Please retype the listing exactly as it appears, skipping each picture.
━━━━━━━━━━━━━━━━━━━━
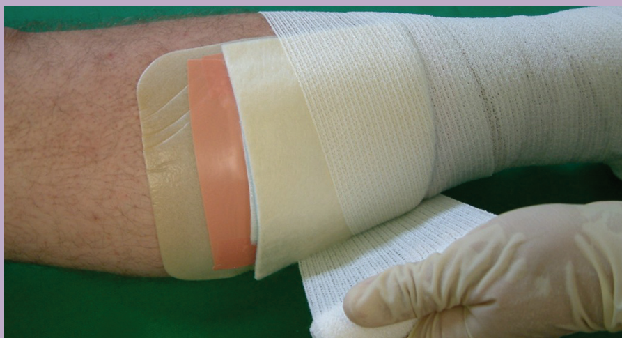
Figure 6. Perforated film dressing is applied, along with an absorbant pad, and is secured with a cotton bandage.

the use of this treatment is appropriate. Both free range LarvE and BioFOAM LarvE are available on prescription as well as within the hospital environment. This allows for continuity of care should a patient be discharged while receiving the therapy.
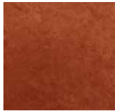
Enchant 408 Terracotta
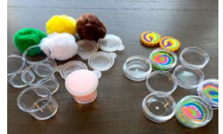
Pom-pom and Eraser Sort
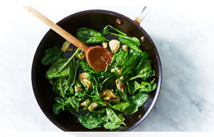
4. Wilt spinach

Preheat oven to 425°F with a rack in the center. Scrub sweet potato , then cut into ½-inch thick wedges. On a rimmed baking sheet, toss sweet potatoes with 1 tablespoon oil and season with salt and pepper . Roast on center oven rack until brown and tender, tossing halfway through, about 20 minutes total.
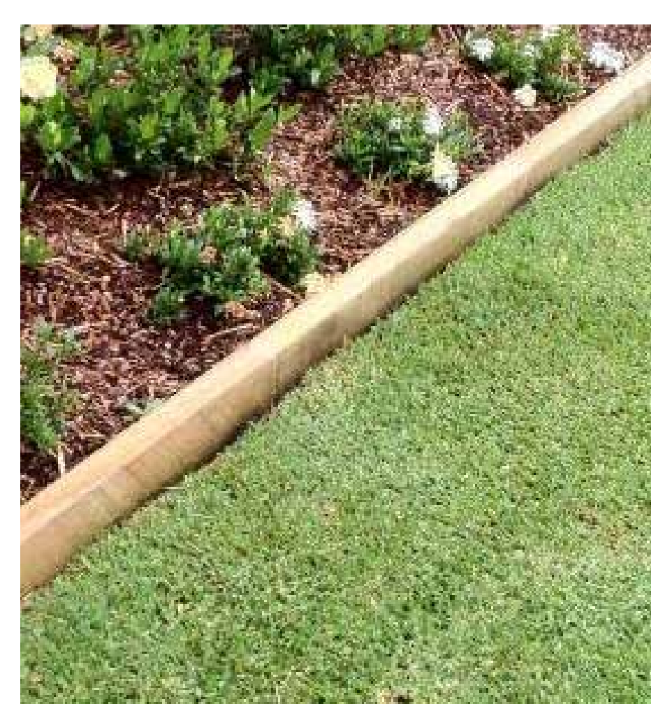
Timber edging to garden & lawn interfaces
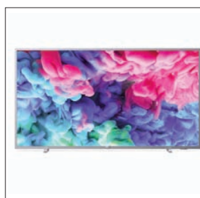
TV LED SMART 4K, EUR 55.00/zi UHD ultrasubtire (diagonala ecran: 126 cm) Cod 025 010 130 045
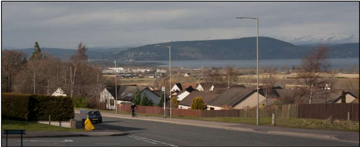
Photograph 10.6: View from U1124 Caulfield Road in Westhill looking north-west towards the proposed scheme and Kessock Bridge and Black Isle
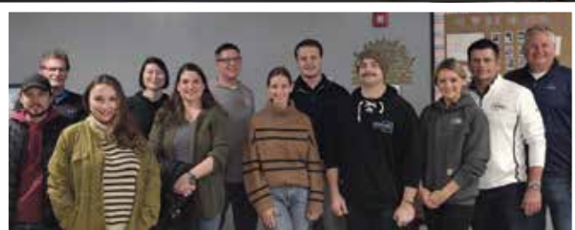
Members packed 144 boxes supplying 85 kids a meal for a year

Weather around the holidays is unpredictable, so we got a little nervous when the forecast called for the first snow of the season on November 21 — the date of our group volunteering activity. The snow came — but it didn't stop our members from turning hunger into hope at the Feed My Starving Children meal packing event in Aurora.
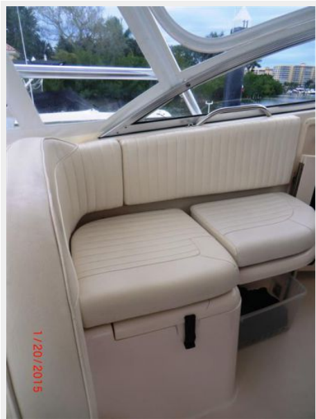
Port Companion Seating
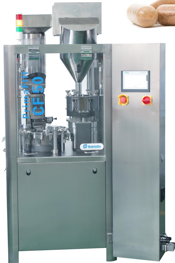
PrimaFill CF 50
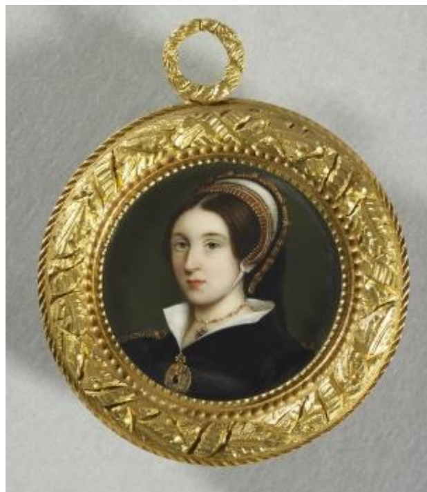
Fig 9 Portrait of a woman called Princess Mary, Duchess of Suffolk, William Essex, 1844

A miniature portrait based on the Hever portrait. (fig 8)
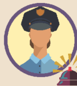
1. Service (includes firefighters and police)
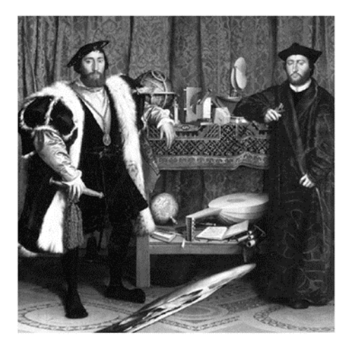
Figure 2. Holbein's Ambassadors [30].

"Objet a is the strange object that is nothing but the inscription of the subject itself in the field of objects, in the guise of a blotch that takes shape only when part of this field is anamorphically distorted by the subject's desire" ([29], p. 69). Zizek uses Holbein's Ambassadors painting (Figure 2) to add a visual layer/perspective to his description of objet petit a by saying "the most famous anamorphosis in the history of painting, Holbein's Ambassadors, concerns death: when we look from the proper lateral angle at the anamorphically extended blotch in the lower part of the painting, set amongst objects of human vanity, it reveals itself as a skull" ([29], p. 69). Zizek importantly notes the death symbolism of this painting and this is important because the analysand needs to pass through the death drive to remove the obstructiveness of a complex/ objet petit a (symbolised by the skull). Holbein's painting is another way of highlighting that discovering the meaning of a guilty mood from an unconscious obstructive complex [6] is to shift perspectives from desire to drive. This involves the death of the fantasy of objet petit a by discovering the missing possibilities from the readiness to hand to reveal the void of the barred subject.
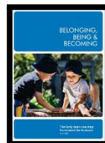
The Early Years Learning Framework 2022 V2 (Belonging, Being & Becoming)
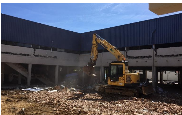
Excavator removing demolition material from the ground floor.

CCA is now in possession of site with the first stage of construction works underway. Service isolation has taken place and demolition works have commenced. Main demolition is currently underway on the Ground Floor with the Level 1 works to begin mid-next week. All hoardings (secure wall structures) are now installed and the temporary buildings are installed and operational.
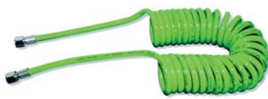
Single Spiral Hose Assemblies
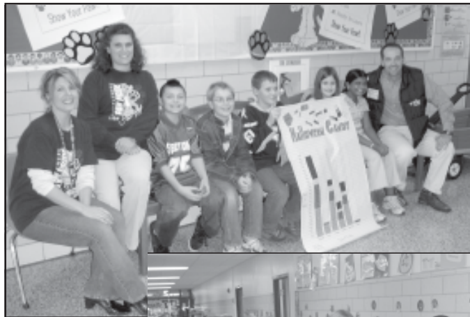
Maplemere's donation to Winning Smiles Dentistry and the 16 Student Council members who helped with the candy drive.
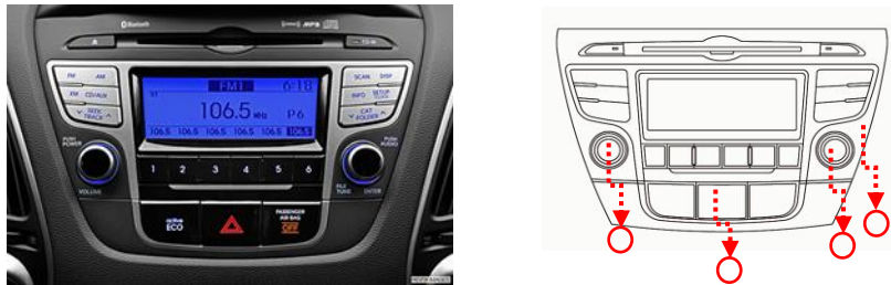
Fig11. Priority of applied texture on car console
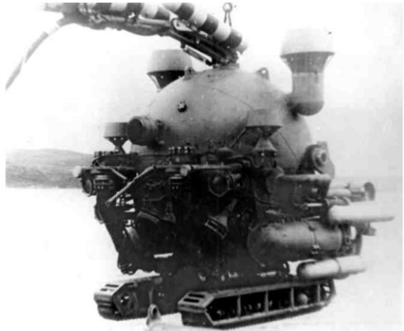
Fig. 3. An older Russian-designed underwater machine.

One disadvantage with underwater craft equipped with caterpillar treads is the energy required for crawling on the seabed. There is, however, an example from the US that demonstrates that it is entirely possible to construct a self-sufficient version of such a machine. In the 1940s, the inventor Halley Hamlin designed a submarine that could travel a distance of 35 km at a speed of 4.5 knots and that was able to run for 32 hours on its batteries with a two-man crew. At both Mälsten and Kappelshamnsviken, there were other indications that a mother submarine may have been involved and even been responsible for the power supply. The second photograph shows an older, well-used Soviet underwater machine, with something that looks like two adjustable engines so that it is able to lift itself up and float, for example up on a mother submarine (Fig. 3).
━━━━━━━━━━━━━━━━━━━━
__Answer for this exercise__:
Figure 6. Perforated film dressing is applied, along with an absorbant pad, and is secured with a cotton bandage.

the use of this treatment is appropriate. Both free range LarvE and BioFOAM LarvE are available on prescription as well as within the hospital environment. This allows for continuity of care should a patient be discharged while receiving the therapy.
Enchant 408 Terracotta
Pom-pom and Eraser Sort
4. Wilt spinach

Preheat oven to 425°F with a rack in the center. Scrub sweet potato , then cut into ½-inch thick wedges. On a rimmed baking sheet, toss sweet potatoes with 1 tablespoon oil and season with salt and pepper . Roast on center oven rack until brown and tender, tossing halfway through, about 20 minutes total.
Timber edging to garden & lawn interfaces
TV LED SMART 4K, EUR 55.00/zi UHD ultrasubtire (diagonala ecran: 126 cm) Cod 025 010 130 045
Photograph 10.6: View from U1124 Caulfield Road in Westhill looking north-west towards the proposed scheme and Kessock Bridge and Black Isle
Members packed 144 boxes supplying 85 kids a meal for a year

Weather around the holidays is unpredictable, so we got a little nervous when the forecast called for the first snow of the season on November 21 — the date of our group volunteering activity. The snow came — but it didn't stop our members from turning hunger into hope at the Feed My Starving Children meal packing event in Aurora.
Port Companion Seating
PrimaFill CF 50
Fig 9 Portrait of a woman called Princess Mary, Duchess of Suffolk, William Essex, 1844

A miniature portrait based on the Hever portrait. (fig 8)
1. Service (includes firefighters and police)
Figure 2. Holbein's Ambassadors [30].

"Objet a is the strange object that is nothing but the inscription of the subject itself in the field of objects, in the guise of a blotch that takes shape only when part of this field is anamorphically distorted by the subject's desire" ([29], p. 69). Zizek uses Holbein's Ambassadors painting (Figure 2) to add a visual layer/perspective to his description of objet petit a by saying "the most famous anamorphosis in the history of painting, Holbein's Ambassadors, concerns death: when we look from the proper lateral angle at the anamorphically extended blotch in the lower part of the painting, set amongst objects of human vanity, it reveals itself as a skull" ([29], p. 69). Zizek importantly notes the death symbolism of this painting and this is important because the analysand needs to pass through the death drive to remove the obstructiveness of a complex/ objet petit a (symbolised by the skull). Holbein's painting is another way of highlighting that discovering the meaning of a guilty mood from an unconscious obstructive complex [6] is to shift perspectives from desire to drive. This involves the death of the fantasy of objet petit a by discovering the missing possibilities from the readiness to hand to reveal the void of the barred subject.
The Early Years Learning Framework 2022 V2 (Belonging, Being & Becoming)
Excavator removing demolition material from the ground floor.

CCA is now in possession of site with the first stage of construction works underway. Service isolation has taken place and demolition works have commenced. Main demolition is currently underway on the Ground Floor with the Level 1 works to begin mid-next week. All hoardings (secure wall structures) are now installed and the temporary buildings are installed and operational.
Single Spiral Hose Assemblies
Maplemere's donation to Winning Smiles Dentistry and the 16 Student Council members who helped with the candy drive.
Fig11. Priority of applied texture on car console
Fig. 3. An older Russian-designed underwater machine.

One disadvantage with underwater craft equipped with caterpillar treads is the energy required for crawling on the seabed. There is, however, an example from the US that demonstrates that it is entirely possible to construct a self-sufficient version of such a machine. In the 1940s, the inventor Halley Hamlin designed a submarine that could travel a distance of 35 km at a speed of 4.5 knots and that was able to run for 32 hours on its batteries with a two-man crew. At both Mälsten and Kappelshamnsviken, there were other indications that a mother submarine may have been involved and even been responsible for the power supply. The second photograph shows an older, well-used Soviet underwater machine, with something that looks like two adjustable engines so that it is able to lift itself up and float, for example up on a mother submarine (Fig. 3).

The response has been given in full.